Furthermore, it is not the Tufts administration that stunts critical thinking but the recent protesters themselves. On our current campus, we often fail to have critical discussions between opposing sides — many times defaulting to echo chamber-fueled power struggles. The recent protesters on our campus are seemingly not interested in discussion or discourse. Jonathan Sacks, in “Morality,” explains, “It is not necessary to delegitimize, call out, or cancel your opponents. It is better, simply, to persuade them.” My hope is that we can move on from a system that is zero-sum to a system focused on obtaining truth above all else. In the words of Sacks, “The choice of freedom brings the defeat of victimhood and the redemptive birth of hope.” Recently, there has seemingly been an increasing tendency to use the crutch of the “oppressed vs. oppressor” framework which is Marxist in nature. Rather than revolution, I ask if we can recognize that we are not profit-maximizing machines but instead individuals who have thoughts, feelings and rational choice. Only then can we come together. This concept is best found in religion, which the op-ed claims is a structure of controlled obedience. Here, the op-ed echoes Karl Marx’s words that religion is “the opium of the people.”

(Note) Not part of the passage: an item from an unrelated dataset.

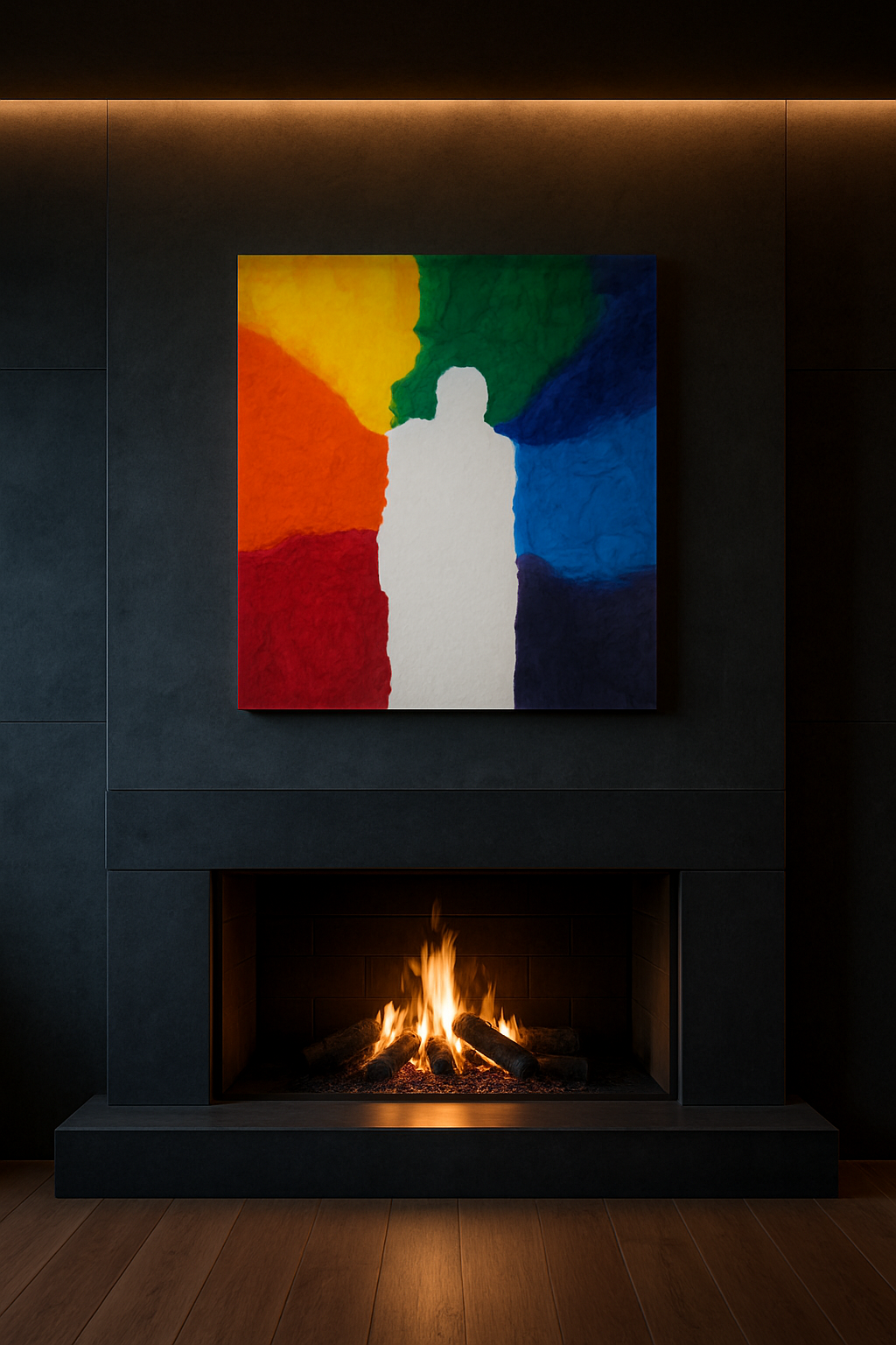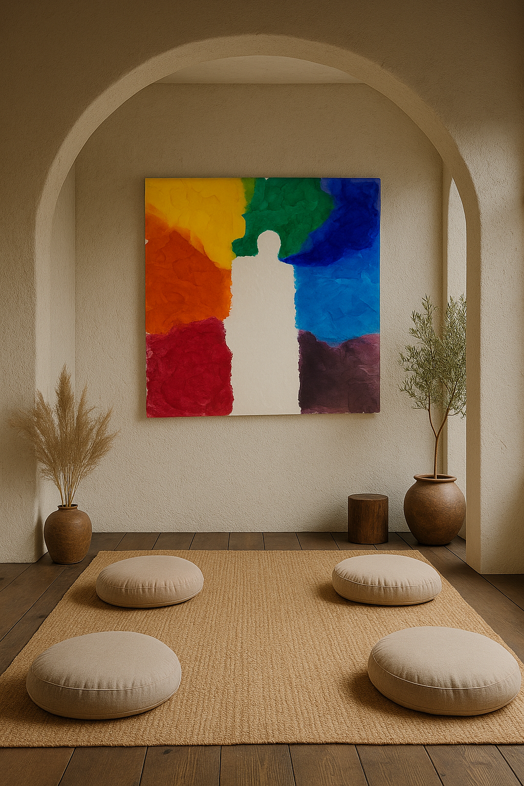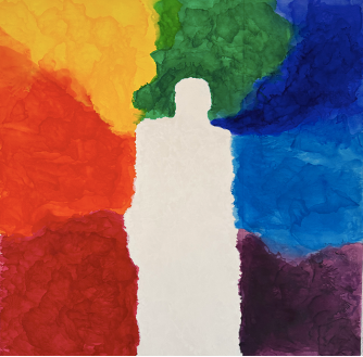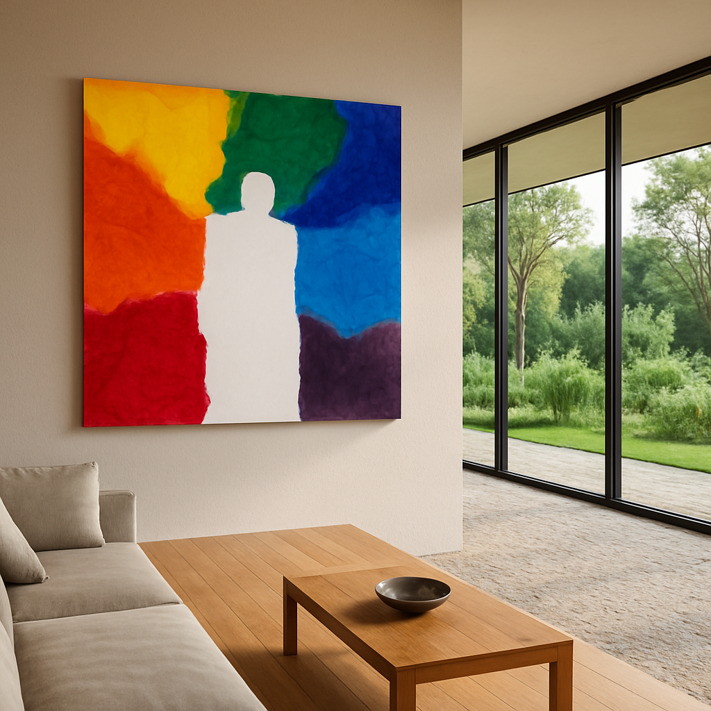 Esta obra representa la presencia plena: el sujeto se disuelve en su entorno y se convierte en canal de energía, conciencia o totalidad. El color ya no brota de él, sino que lo rodea, lo abraza, lo define desde lo colectivo y lo universal.
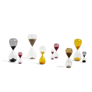 The hourglass by hay brings aesthetic and functionality perfectly in line. The soft, rounded shapes make the timepiece to a true design object, which provides an absolute eye catcher at the office or in the kitchen, whether as a mere object of decoration or as a practical timepiece when cooking or working. The dyed glass ensures gentle colour accents, which is complemented by the sand in different colours. Perfect for in the kitchen or even as a display piece sat upon a shelf. Run down time: 15 minutes. Contains fine sand. Material: Glass. Care: Wipe clean with a damp cloth.

The process of healing starts with respect for the rule of law — the incarnation of shared moral standards. The process of war starts with rejecting these standards and cleaving into societal groups that simultaneously claim to be right. The fact that protesters argue for immunity under the rule of law is paradoxical. American essayist Henry David Thoreau spent a night in jail for not paying taxes in protest of the Mexican-American War. Rev. Martin Luther King Jr. wrote his famous essay, “Letter from a Birmingham Jail,” while incarcerated. These men were willing to risk their livelihood for what they believed was injustice. What does it say that these protesters grumble when the rule of law is applied? King said, “An individual who breaks a law that conscience tells him is unjust, and who willingly accepts the penalty of imprisonment in order to arouse the conscience of the community over its injustice, is in reality expressing the highest respect for the law.” The reluctance of contemporary college protesters to accept a penalty for their actions brings us to two possible conclusions: Either they do not respect the law, or they do not fully believe that the law they are breaking is unjust in relation to their cause.